Recent studies have used support vector machines (SVMs) and autoencoders (AEs) for training to solve this data imbalance problem and anomaly detection problem. However, AEs have the disadvantage of over-reconstructing some samples, which degrades the performance of the detection method, and SVMs have difficulty understanding the inherent structure of the data and extracting features from noisy or incomplete data. The symmetry between performance and training time must be considered. In this paper, DBNs are used, which learn complex representations of data, extract robust features from incomplete data through unsupervised and semi-supervised learning, and learn multi-level representations. DBN is a structure of multiple layers of restricted Boltzmann machines, where each layer can learn the complex hierarchical structure of the data [7,8]. The weights of each layer can be efficiently initialized to alleviate the gradient vanishing problem, which enables structured and hierarchical dictionary learning compared to AE.

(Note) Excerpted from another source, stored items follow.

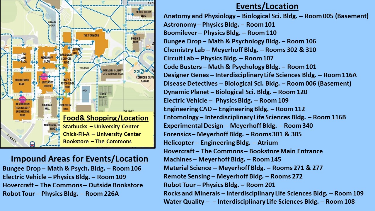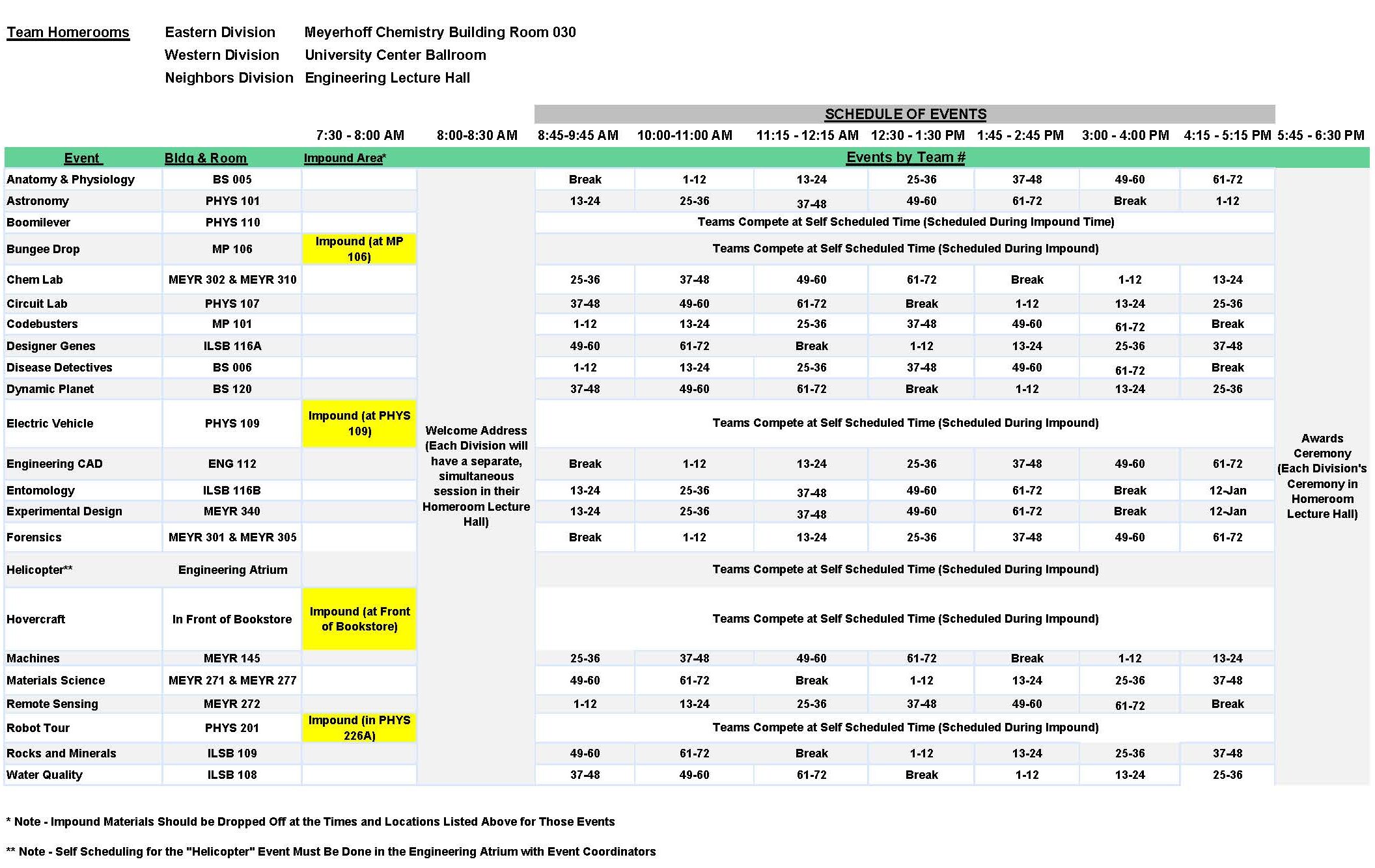 Below is a Schedule of Events throughout the day and their locations on campus. Upon arrival to campus, teams should deliver any impound items for the various events to the impound locations provided in the schedule below and then join their teams in the homerooms listed at the top of the schedule. A breakdown of team numbers and which division each team is in is provided below the schedule of events.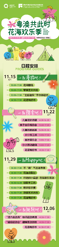 活動將於11月15日14:30在橫琴花海長廊一號驛站浪漫開幕。開幕首周活動“來花海·一起漫遊吧”,澳門藝術家黎小傑、盧紹儀將分別以裝置講述時光與城市的故事,以當代水墨融合中西筆觸,用新水墨語言描繪澳門的城市與人文之美。活動還邀請了澳門人樂隊隊長左文軒、橫琴龍鳴傳音融合樂隊等文藝團隊登台,6組表演團隊、33位演員帶來28場主題快閃與互動演出,讓遊客沉浸式感受藝文魅力。活動現場還設有“花海有好市”,集結30餘個粵澳特色美食、咖啡與文創品牌,為市民呈獻集美食與藝術於一體的生活市集。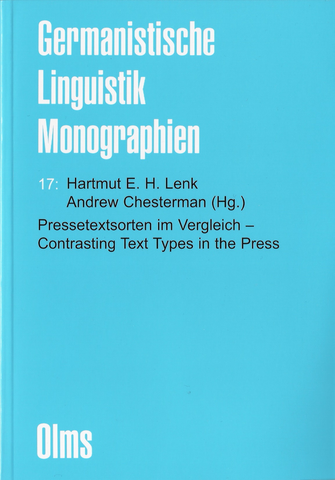 Hans W. Giessen & H. Lenk (Hrsg.): Persuasionsstile in Europa IV: Typen und Textmuster von Kommentaren in Tageszeitungen. (Germanistische Linguistik 246-247). Hildesheim / Zürich / New York: Georg Olms. 356 S. ISBN 978-3-487-15845-7 Inhaltsverzeichnis |
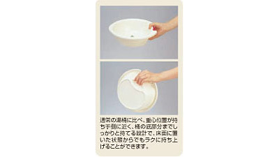 • 通常の湯桶に比べ、重心位置が持ち手側に近く、桶の底部までしっかりと持てる設計で、床面に置いた状態からでもラクに持ち上げることができます。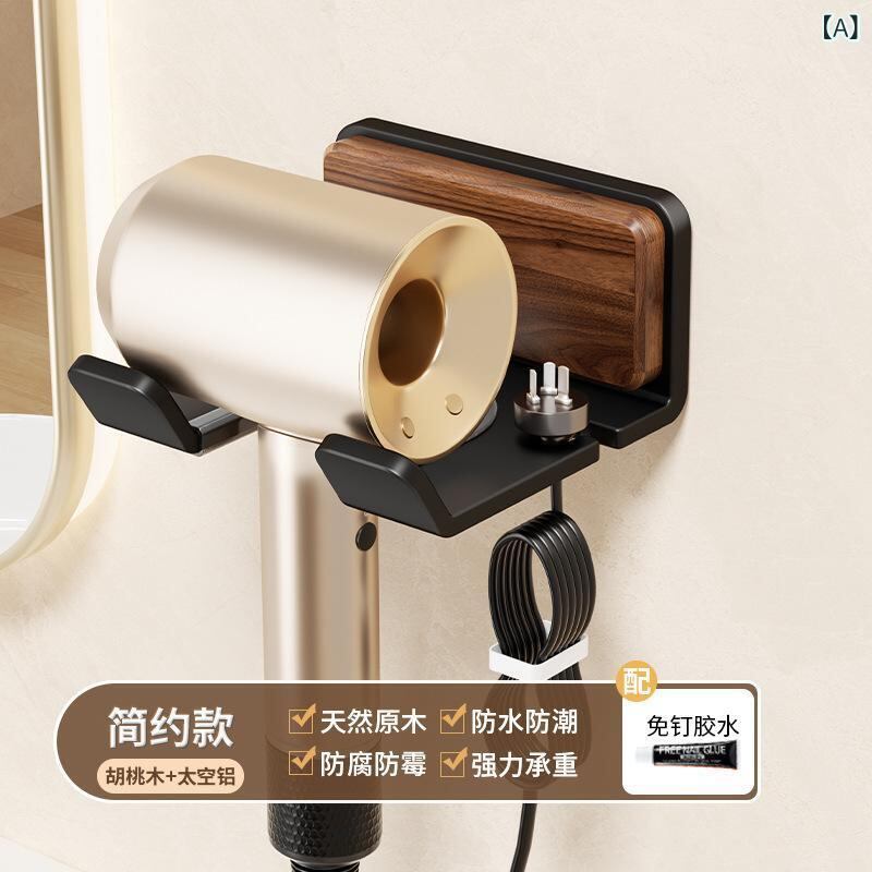 ドライヤーホルダー 穴開け不要 壁掛け 強力粘着 浴室 洗面所 スペースアルミニウム アルミ合金 ウォールナット 胡桃木 木製 モダン シンプル おしゃれ ヘアドライヤー 収納 ブラック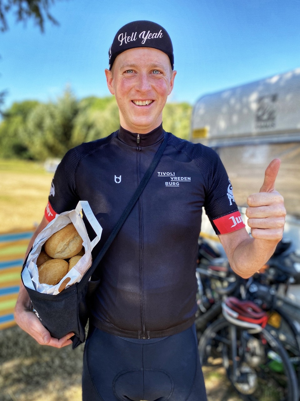 Na het ontbijt tassen inpakken en via de bakker verder. We hebben zelf genoeg gegeten maar doen aan broodjes service voor Gijs, Bea en de kinderen. Zij zitten vier kilometer verder op de camping en we gaan er even op de oploskoffie. Al is er voor een klein stukje Schnecke altijd nog wel een gaatje te vinden.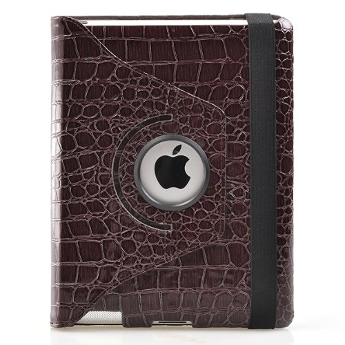 review and image ATC Amazing Brown crocodile PU leather case for Apple iPad 2 all Tablet with 360 degree rotating

Recent research has focused on high accuracy, and as the structure of the model becomes increasingly complex, the learning speed of the model becomes slower. To address this, this paper uses a fast-continuous-contrast-divergence–deep-belief-network-based model to effectively deal with uncertainty and ambiguity in the data. High-dimensional data features are then extracted through the deep neural network structure, and precise detection is performed based on them.

The organization of this paper is as follows: Section 2 describes the network intrusion detection approach, which uses deep learning models to detect anomalies. Section 3 describes the DBN model using the fast continuous contrast divergence method proposed in this paper. In Section 4, anomalies are detected using the NSL-KDD, UNSW-NB15, and CIC-IDS-2017 datasets to conduct experiments and compare the performance with that of other studies. Conclusions are drawn, and future work is presented in Section 5.

2. Related Works

Intrusion detection aims to identify and alert you to security threats such as unauthorized access, malicious activity, or policy violations [9]. It primarily works based on predefined intrusion signatures, which are derived from known attack types. Identifying malicious traffic with a specific pattern, such as DDoS attacks, is an example of intrusion detection. Time series anomaly detection aims to detect unusual patterns, fluctuations, or anomalies in time series data [10]. It is used in a variety of fields to analyze changes in data over time. It is used by leveraging machine learning or deep learning techniques to analyze the statistical characteristics or behavioral patterns of data. Both methodologies process and analyze large amounts of data to detect anomalies. They also monitor data flows and raise alerts when anomalies are detected. This requires fast analytics on continuous data streams. In terms of detecting anomalies in large and complex network data, intrusion detection and time series anomaly detection techniques can be used in combination to improve the effectiveness of security systems and help detect and respond to more diverse and sophisticated attacks and threats.

2.1. Deep-Learning-Based Network Intrusion Detection

Yang et al. [11] proposed a model that combines an improved conditional variational autoencoder (ICVAE) and a deep neural network (DNN). New attack samples were generated according to the specified intrusion categories to balance the training data and increase the diversity of training samples to improve the detection rate of unbalanced attacks. Since the class labels are only used as additional input to the decoder, the learned weights can be reused. By automatically reducing the data dimensionality and reusing ICVAE to initialize the weights of the DNN’s hidden layers, global optimization can be easily achieved through backpropagation and fine-tuning.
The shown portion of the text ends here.